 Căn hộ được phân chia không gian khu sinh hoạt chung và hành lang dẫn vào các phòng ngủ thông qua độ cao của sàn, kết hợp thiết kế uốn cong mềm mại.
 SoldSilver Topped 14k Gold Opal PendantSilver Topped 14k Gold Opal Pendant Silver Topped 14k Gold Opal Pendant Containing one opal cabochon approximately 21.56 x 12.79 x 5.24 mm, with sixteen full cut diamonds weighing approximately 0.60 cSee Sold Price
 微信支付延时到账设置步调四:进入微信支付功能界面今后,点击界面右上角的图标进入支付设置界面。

==

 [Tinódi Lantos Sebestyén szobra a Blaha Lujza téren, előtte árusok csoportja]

## The task
Your answer should be the exact lines above from the one with "SoldSilver Topped 14k" through the one with "微信支付延时到账设置步调四:进入微信支付", both included, and nothing besides.

## Reply to the exercise
 SoldSilver Topped 14k Gold Opal PendantSilver Topped 14k Gold Opal Pendant Silver Topped 14k Gold Opal Pendant Containing one opal cabochon approximately 21.56 x 12.79 x 5.24 mm, with sixteen full cut diamonds weighing approximately 0.60 cSee Sold Price
 微信支付延时到账设置步调四:进入微信支付功能界面今后,点击界面右上角的图标进入支付设置界面。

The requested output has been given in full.